Il y a ensuite l'autodestruction. Trop d'image tue l'image. Je noie chacune de mes images dans la proximité des autres images. Ou peut-être aussi une tentative naïve de noyer le poisson, d'absoudre les photos de ce qu'elles représentent, puisqu'aucune image n'a d'importance, ce que je fais n'en a pas non plus. Non une dilution de la responsabilité, dans le nombre, mais une disparition, puisqu'il est impossible de désigner une photo.

Il y a le refus de l'idole. Le refus de cette oeuvre unique censée par un acte de génie tout dire en une seule image. Une image qui deviendrait sacrée, que l'on encadrerait, un objet de culte. Ceci va bien à la peinture, au croquis.

Il y a une tentative absurde d'honnèteté. Montrer des photos moins fortes, car elle participent autant que les fortes de ce qu'il s'est passé.
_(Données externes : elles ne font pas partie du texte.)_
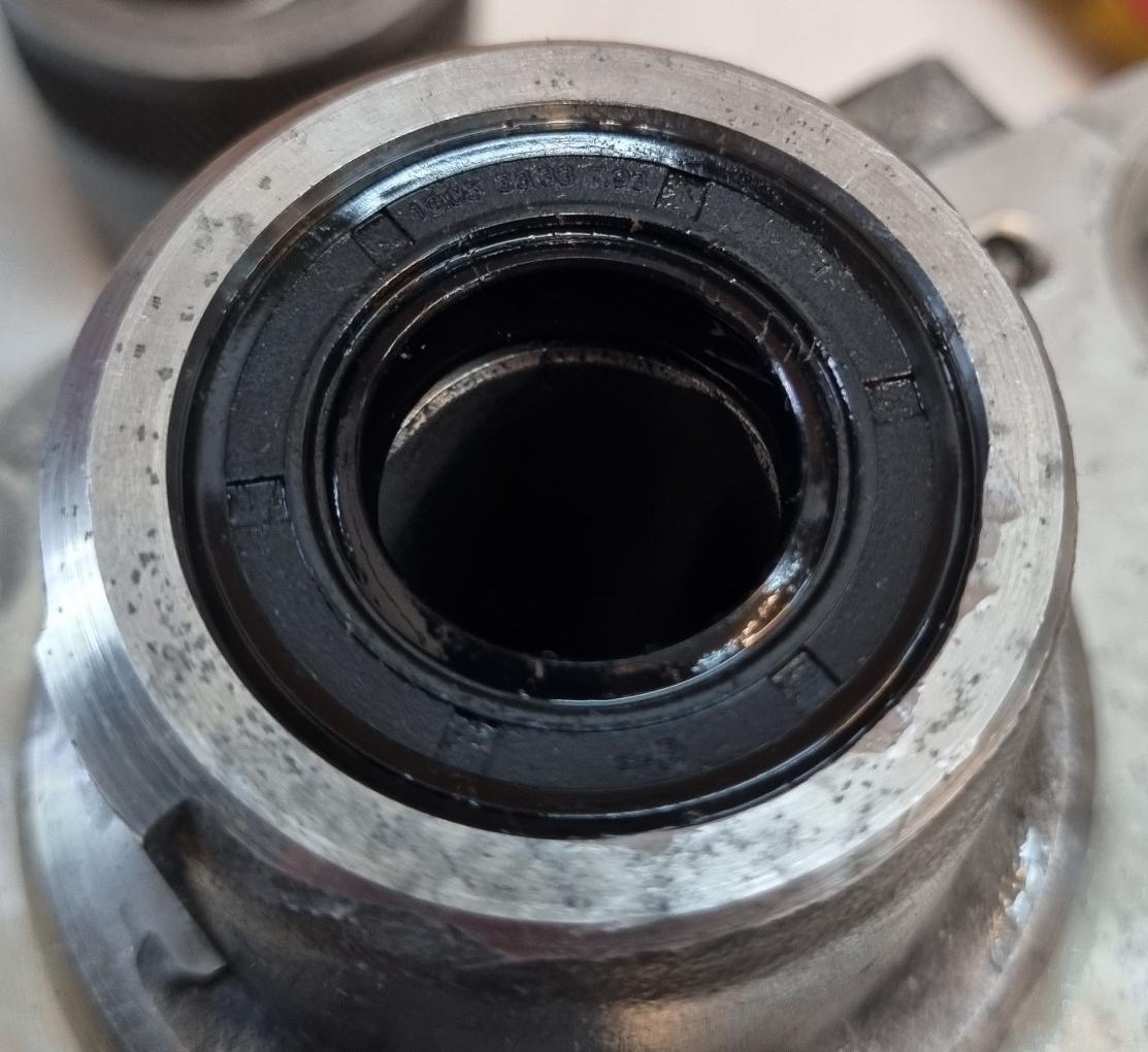 Wellendichtring in den Pumpenhals einpressen (einschlagen geht auch, vorsichtig – nicht verkanten).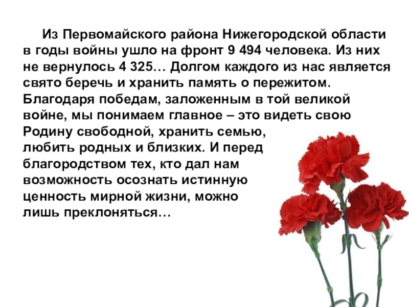 ушло на фронт 9 494 человека. Из них не вернулось 4 325… Долгом каждого из нас является свято беречь и хранить память о пережитом. Благодаря победам, заложенным в той великой войне, мы понимаем главное – это видеть свою Родину свободной, хранить семью,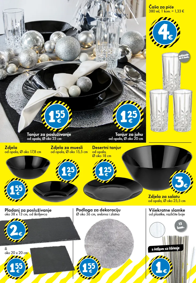 pladanj za posluživanje oko 38 x 13 cm, od škriljevca desertni tanjur od opala, ø oko 18 cm zdjela za muesli od opala, ø oko 15,5 cm tanjur za posluživanje od opala, ø oko 25 cm zdjela od opala, ø oko 17,8 cm tanjur za juhu od opala, ø oko 20 cm zdjela za salatu od opala, ø oko 25,5 cm € 1 2 5 1 55 € višekratne slamke od plastike, različite boje 12 kom. čaša za piće 380 ml, 1 kom. = 1,33 € 1 55 € € 1 2 5 € 1 2 5 4 € 1 € 2 € ili oko 20 x 20 cm 3 € 1 55 € 1 55 € podloga za dekoraciju ø oko 36 cm, srebrna i zlatna pakiranje od 3 kom. s četkom za čišćenje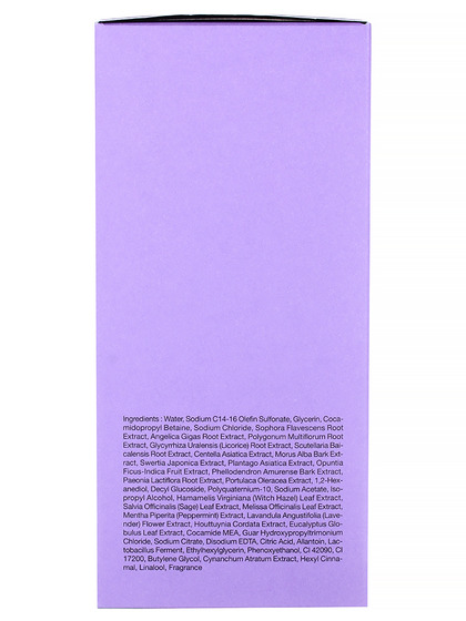 Water, Sodium C14-16 Olefin Sulfonate, Cocamidopropyl Betaine, Sodium Chloride, Glycerin, Sophora Flavescens Root Extract, Angelica Gigas Root Extract, Polygonum Multiflorum Root Extract, Houttuynia Cordata Extract, "Glycyrrhiza Uralensis (Licorice) Root, Extract", Scutellaria Baicalensis Root Extract, Centella Asiatica Extract, Morus Alba Bark Extract, Swertia Japonica Extract, Plantago Asiatica Extract, Opuntia Ficus-Indica Fruit Extract, Phellodendron Amurense Bark Extract, Paeonia Lactiflora Root Extract, Portulaca Oleracea Extract, 1,2-Hexanediol, Decyl Glucoside, Fragrance (Hexyl Cinnamal, Linalool), Polyquaternium-10, Sodium Acetate, Isopropyl Alcohol, "Hamamelis Virginiana (Witch Hazel), Leaf Extract", Salvia Officinalis (Sage) Leaf Extract, Melissa Officinalis Leaf Extract, Mentha Piperita (Peppermint) Extract, "Lavandula Angustifolia (Lavender), Flower Extract", Eucalyptus Globulus Leaf Extract, Cocamide MEA, Guar Hydroxypropyltrimonium, Chloride", Sodium Citrate, Disodium EDTA, Citric Acid, Allantoin, Lactobacillus Fermen
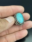 Turquoise Sz 7.5 Vintage 4g Sterling Silver Native American Navajo Oval Ring Wow

Coller à la «réalité». Établir un récis exhaustif. Cerner son sujet littéralement, ne pas le condenser en une image résumée mais en délimiter les contours. Ne pas le désigner, mais le faire naître par lui même du chaos des images.

Il y a les failles. L'enchaînement discontinu des images fait naître autant d'espaces, autant de ruptures où du sens peut se faire. L'entre deux images, espace vierge, invitation à se glisser, à s'immiscer, à pénétrer. Un moucharabié dont les interstices invitent au croisement des regards, une membrane poreuse pour une diffusion osmotique.

Il y a l'inéfficacité, le gaspillage, la gratuité. Un terrain vague, une histoire qui divague, qui se perd, qui s'égare. Flagrant délit de vagabondage.